Construire une relation durable, quasi affective, avec le consommateur, telle est aujourd'hui la priorité des enseignes. Au programme : la mise en place d'une "logique client" et l'utilisation de bases de données.

La logique client est une démarche globale. Elle passe par le sourire, l'accueil et la qualité de service: la façon de traiter les réclamations, le service après-vente, l'organisation des rayons, la signalétique, la disponibilité et le professionnalisme des vendeurs, le temps d'attente aux caisses... sont les fondations de la fidélisation !

Première étape: le zéro mécontentement
Une enquête récente de l'AACC Marketing (Association des agences conseil en communication) sur "le niveau déconsidération du client", montre qu'en dépit d'une réelle prise de conscience, il y a encore du chemin à parcourir.
Ainsi, les hypers sont à la traîne avec seulement: 65 % des clients de grande surfaces se sentiraient peu ou mal considérés. Un chiffie à méditer! La VPC en revanche affiche 75 % de réponses positives. Autre chiffre significatif: 22 % des français affirment un jour avoir abandonné une marque ou une enseigne à la suite d'un mécontentement. Que penser en effet d'une enseigne qui ne fait pas de paquets cadeaux à Noël, d'un service après-vente qui met plus d'un mois pour réparer une télé (sans remplacement), d'un livreur de pizza qui arrive avec une heure de retard ? Inutile dans un tel contexte de mettre en place un programme de fidélisation.
C'est pour éliminer ces dysfonctionnements que le Printemps a mis en place le "Passeport Carré d'As" (Attitudes, Actions, Atouts, Ambitions), une opération de formation et de sensibilisation à la qualité de service, suivie de "tests mystères" (faux clients). Même démarche en 1997 chez Prisunic avec le projet d'entreprise "Service compris", inspiré de l'ouvrage du même nom de Philippe Bloch et Ralph Hababou. Un livret recense, pour le personnel des magasins, toutes les attentes des clients : les "incontournables" (bonjour, merci... ), les "redoutables", et les "interdits".
Le gigantisme ne doit pas faire perdre la dimension humaine. Les hypers et les grandes surfaces spécialisées en ont pris conscience: Ikea garde les enfants, Kiabi leur passe des dessins animés. Carrefour, Leclerc, Auchan multiplient les hôtesses d'accueil, et embauchent des jeunes pratiquant le roller pour débloquer plus rapidement une caisse en attente d'un prix...

Le one-to-one,
utopie ou réalité ?

Un client, une offre...
À terme, seuls les ménages ayant un enfant de moins de trois ans recevront des coupons pour des couches ! Pour passer d'un marketing de masse à un marketing de communauté il faut d'abord travailler la fidélisation. Les cartes permettent de différencier les clients.
À partir de là, le ciblage "sur mesure" est envisageable. C'est ce que fait Bayard Presse, avec des journaux et des mailings adaptés à chaque âge. Difficile toutefois de passer à une relation vraiment individuelle avec chaque client. Impossible pour Renault, par exemple d'envoyer 400 000 offres "sur mesure", pour relancer les ventes de la Twingo. Le one-to-one reste donc un privilège réservé au petit commerce encore difficilement transportable aux circuits de distribution du troisième millénaire.

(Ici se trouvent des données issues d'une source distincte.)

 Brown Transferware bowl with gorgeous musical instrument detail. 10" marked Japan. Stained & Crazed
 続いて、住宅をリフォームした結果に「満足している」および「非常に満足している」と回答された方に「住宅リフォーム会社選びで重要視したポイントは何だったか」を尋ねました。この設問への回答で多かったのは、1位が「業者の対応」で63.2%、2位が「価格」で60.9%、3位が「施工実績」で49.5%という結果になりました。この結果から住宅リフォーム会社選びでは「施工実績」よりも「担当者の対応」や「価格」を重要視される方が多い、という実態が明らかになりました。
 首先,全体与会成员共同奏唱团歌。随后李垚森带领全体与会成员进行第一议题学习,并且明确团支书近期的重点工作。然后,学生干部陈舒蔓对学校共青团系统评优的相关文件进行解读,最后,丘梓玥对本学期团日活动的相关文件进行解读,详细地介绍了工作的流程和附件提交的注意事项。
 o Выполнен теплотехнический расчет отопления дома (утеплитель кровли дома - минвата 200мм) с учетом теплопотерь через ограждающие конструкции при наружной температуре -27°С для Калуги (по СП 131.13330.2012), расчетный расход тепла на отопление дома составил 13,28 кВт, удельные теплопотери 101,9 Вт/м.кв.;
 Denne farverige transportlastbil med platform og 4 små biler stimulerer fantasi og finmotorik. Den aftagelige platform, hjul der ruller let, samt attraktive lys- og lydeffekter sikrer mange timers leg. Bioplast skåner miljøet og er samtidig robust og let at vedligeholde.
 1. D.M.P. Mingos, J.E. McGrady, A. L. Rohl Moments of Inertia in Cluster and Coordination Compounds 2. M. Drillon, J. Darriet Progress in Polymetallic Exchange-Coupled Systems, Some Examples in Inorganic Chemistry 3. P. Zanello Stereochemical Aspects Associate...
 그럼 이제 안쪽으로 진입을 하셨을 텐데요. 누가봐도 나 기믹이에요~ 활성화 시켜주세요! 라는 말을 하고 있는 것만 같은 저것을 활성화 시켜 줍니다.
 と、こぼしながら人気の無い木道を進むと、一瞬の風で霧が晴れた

Seconde étape: affiner le marketing
Décortiquer, trier, classer les comportements de consommation, puis les "transformer" en actions marketing. C'est le rôle des entrepôts de données (data warehouse) et des techniques d'analyse (datamining). Aujourd'hui, 80 % des entreprises outre-Atlantique utilisent ce type de support pour travailler la fidélisation. En France 30 % seulement, mais avec une forte accélération ces dernières années.
La Fnac a ainsi fait analyser quatre ans de tickets de caisse et de comportements d'adhérents, pour mieux segmenter son portefeuille client. Une dizaine de catégories de consommateurs émerge des données : les chasseurs (le primes, les gros budgets, les spécialistes... Grâce à ces données, l'enseigne a pu renouveler le profil de l'adhèrent, et créer une nouvelle formule d'adhésion (1999), mieux adaptée à la typologie actuelle de ses clients.
Quelles sont les informations utiles, et comment les compiler? Les progrès technologiques et la multiplication des sources d'information (cartes de fidélité, questionnaires, panels, coupons, centres d'appels, promotions, etc.) permettent de collecter jusqu'à 200 données par client. Les entrepôts de données des grandes enseignes stockent au moins deux ans de comportements d'achat sur des milliers de produits et plusieurs points de vente. Toute la difficulté étant de bien exploiter ces informations très vite obsolètes. Une technique que Danone maîtrise parfaitement, Trois millions de clients segmentés selon leur attachement à la marque, reçoivent des mailings personnalisés. Un premier pas vers le one-to-one !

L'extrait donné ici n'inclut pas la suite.